Portrait of Erasmus of Rotterdam, circa 1530-1536 by Lucas Cranach the Elder (1472-1553).

In the sixteenth century, amidst considerable political and religious instability, opponents of the Reformation often criticized the Dutch Christian humanist Erasmus of Rotterdam with the well-known aphorism that “Erasmus laid the egg which Luther hatched.”1 Yet, his supposed chick Luther wrote scathingly, “I look upon Erasmus as the worst enemy that Christ has had for a thousand years.”2 Erasmus himself sought the middle ground. He distanced himself from Luther on many points of theology and declared in a famous rebuke, “I laid a poultry egg, Luther hatched a very different bird.”3

Nevertheless, he also had great respect for Luther writing to Pope Leo X that Luther was “a mighty trumpet of gospel truth.”4 Erasmus’ principled moderation, while serving as an inspiration to both the Protestant Reformation and Catholic Counter-Reformation, made him a controversial figure among scholars and theologians. However, it also won him the support of secular leadership, including the monarchs of Europe’s increasingly consolidated nation-states. These rulers used Erasmus’ criticisms of the Church, and his general commitment to social orthodoxy, to present monarchy as a source of hegemonic socio-cultural and political authority that transcended Papal influence.

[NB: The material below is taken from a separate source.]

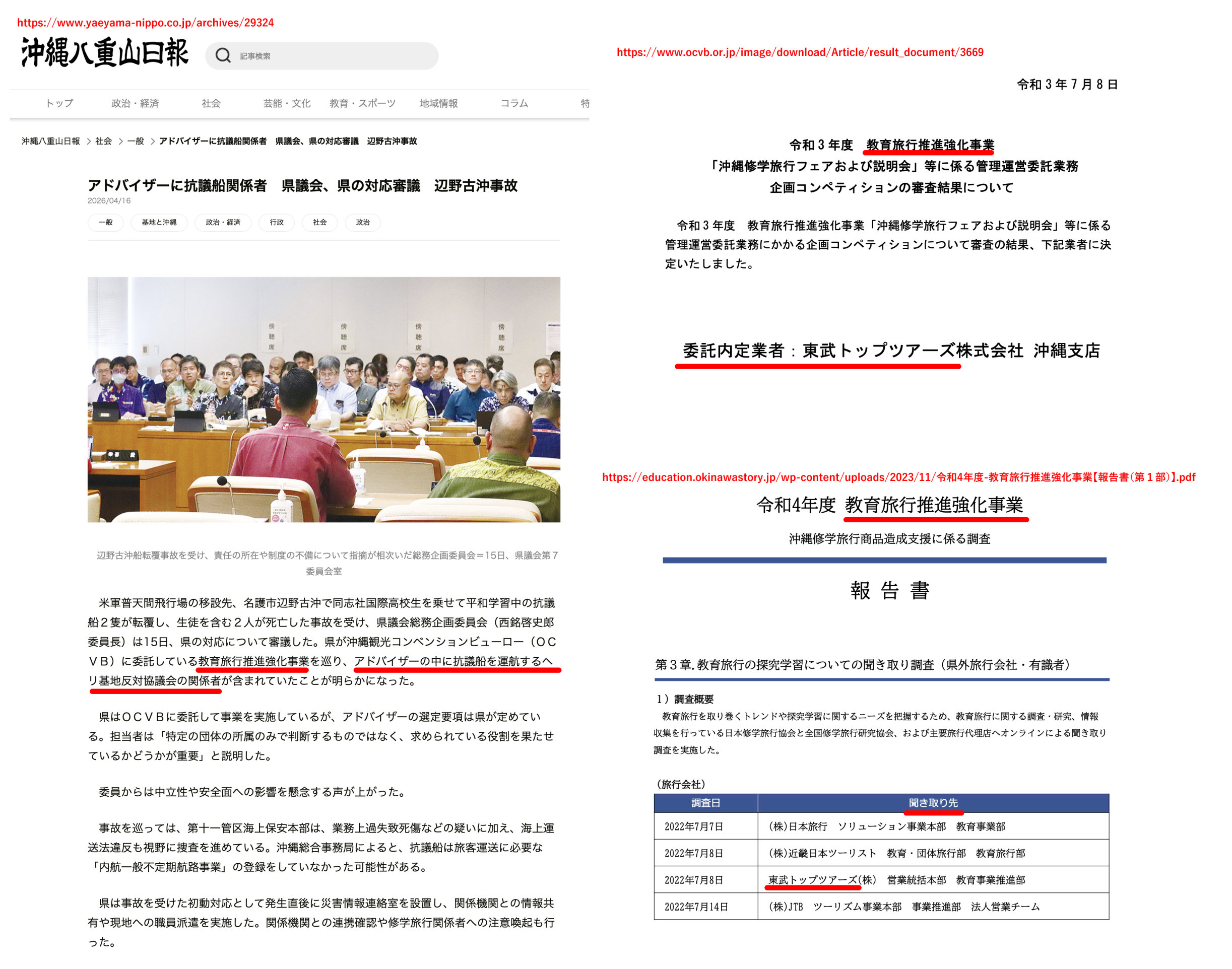 | … | 62無念Nameとしあき26/04/20(月)06:34:20No.1402146561+事故当日の協議会の会見に続き、翌日に同志社国際高等学校が記者会見を行い、それぞれ謝罪した。学校側が明らかにしたところでは、今回の抗議船乗船には旅行会社は関与していなかったこと、毎年教師3人が夏休みに行程を下見しており、過去には船に乗ったことがあったものの今年は乗っていなかったこと、生徒および保護者には抗議船とは伝えず「基地反対を唱えている方々が普段乗っている船」として伝え、乗船には保護者からの同意などはとっていないことなどが明らかになった |

This trend is particularly evident in the opening to Erasmus’ speculum principum, a popular genre of political manuals for princes, The Education of a Christian Prince (1516). Dedicated to the sixteen-year-old Hapsburg Prince Charles, the future Holy Roman Emperor Charles V, the manual outlines Erasmus’ vision of an ideal ruler as a Christian philosopher king who controlled all elements of a powerful state.

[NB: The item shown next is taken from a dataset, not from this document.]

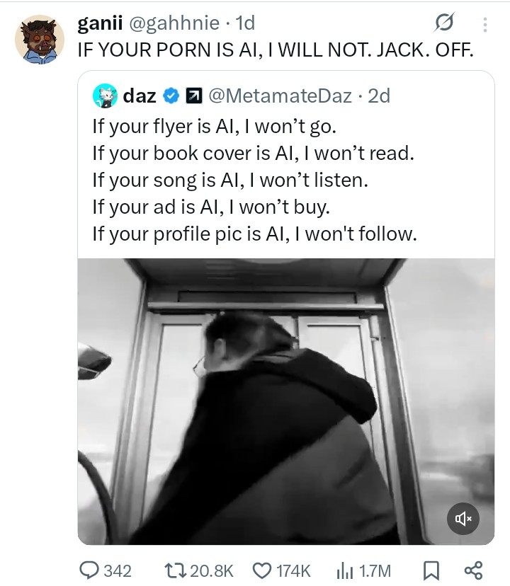 Why do any of these people care about it being AI again? Do they prefer paying high prices for mediocre art?

This paper explores the rhetoric and claims of The Education of a Christian Prince as a way to understand Erasmus’ own motivations, philosophy and character. It also uses the text as a reflection of the wider political and social pressures shaping European monarchical authority in the early sixteenth century. Additionally, it challenges and complicates the commonly accepted claim that Erasmus was an idealistic moderate who intended The Education of a Christian Prince primarily as veiled argument against one-man rule, instead arguing that Erasmus in fact sought to promote monarchical authority for personal gain.

While the text is an articulation of his political and pedagogical philosophy, it is also the product of self-interest as Erasmus wrote the manual as he tried to secure the profitable position as an adviser and tutor to the future Emperor. Consequently, The Education of a Christian Prince, particularly its introductory Dedicatory Epistle and first chapter, should be understood as both a revealing articulation of how the early modern period transformed political authority by increasing the social and political influence of the monarchy, and a carefully crafted text meant to highlight the importance of advisors and Erasmus’ own credentials.

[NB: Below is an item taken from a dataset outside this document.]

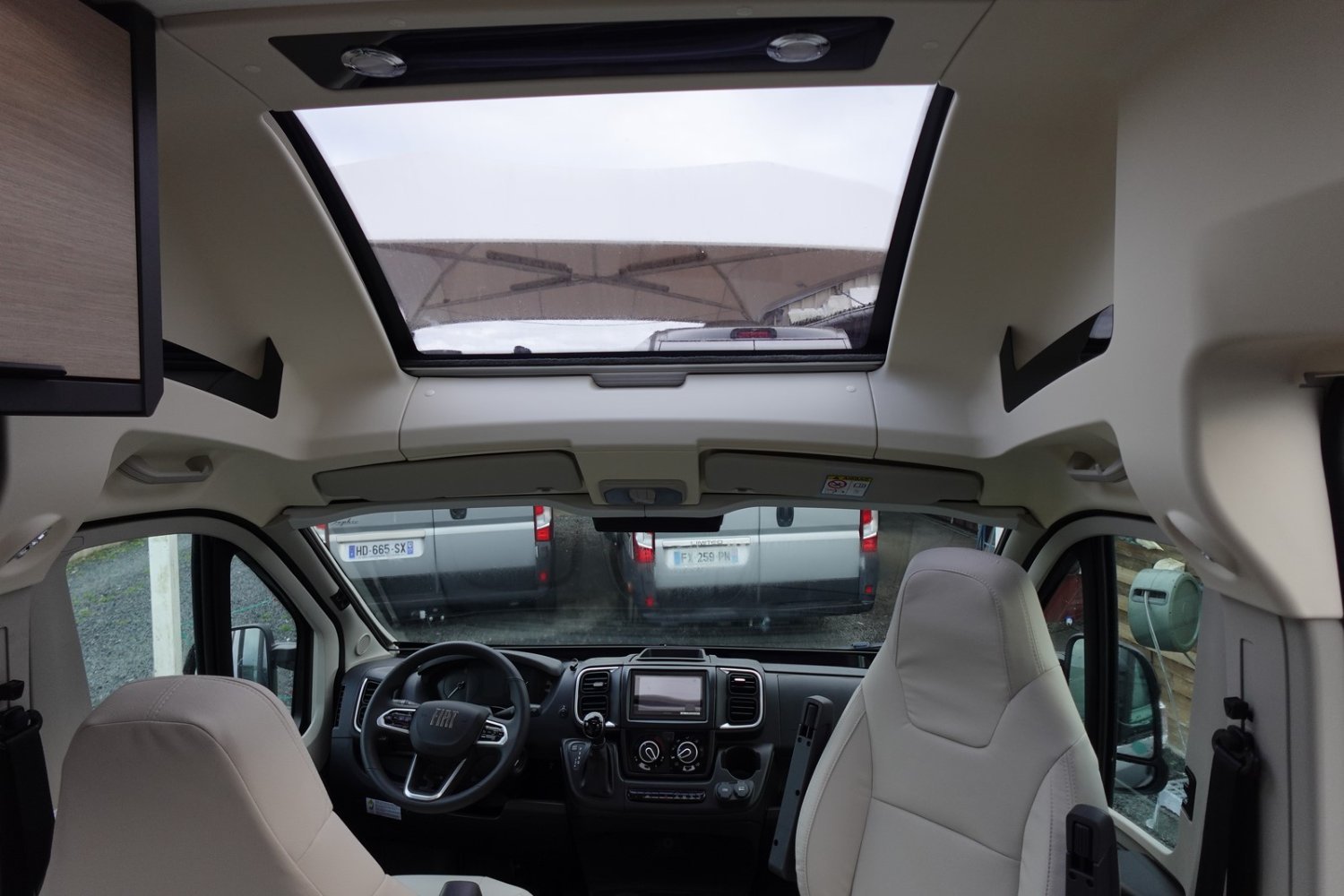 (Commande au volant pour la radio, Pare-chocs avant couleur carrosserie, Skid Plate noire, Feux antibrouillards, Traction +, Hill Descent Control, Moustiquaire de porte latérales, Store pare-brise et baies cabine, Marchepied électrique, Simili cuir, Chauffage carburant Webasto 4000 W, 2ème cled télécommanéde, Gouttière porte latérale avec éclairage LED intégré, Découpe cabine, 2 batteries cellule AGM, Station multimédia Pioneer Apple Car Play / Android Auto, Caméra de recul, Douchette extérieure, Jantes 16 pouces en alliage, Volant cuir, Habillage gris sur aérateurs, Toit panoramique, Skyview, Isofix, Couchage d’appoint)

Importantly, this dynamic is immediately notable in Erasmus’ Dedicatory Epistle written directly to Prince Charles. Erasmus promptly begins his guide by reminding Charles of the importance of good advisers, “whenever kings call…council and exclude those basest of advisers — ambition, wrath, cupidity, and flattery — the state flourishes in everyway.”5 He further notes the importance of a Christian education for the prince,

“no state will ever be blessed unless the philosophers are at the helm, or [the prince is educated in] philosophy…by philosophy [I mean]…a theory of government according to the example of the Eternal Power.”6

While this epistle is convincing as an articulation of his philosophy on political authority and the state, its intense focus on the importance of advisers, and a Christian education in particular, makes sense as Erasmus, the most celebrated of the Christian humanists, was clearly using the manual to present himself as an ideal counselor. However, Erasmus never directly praises himself.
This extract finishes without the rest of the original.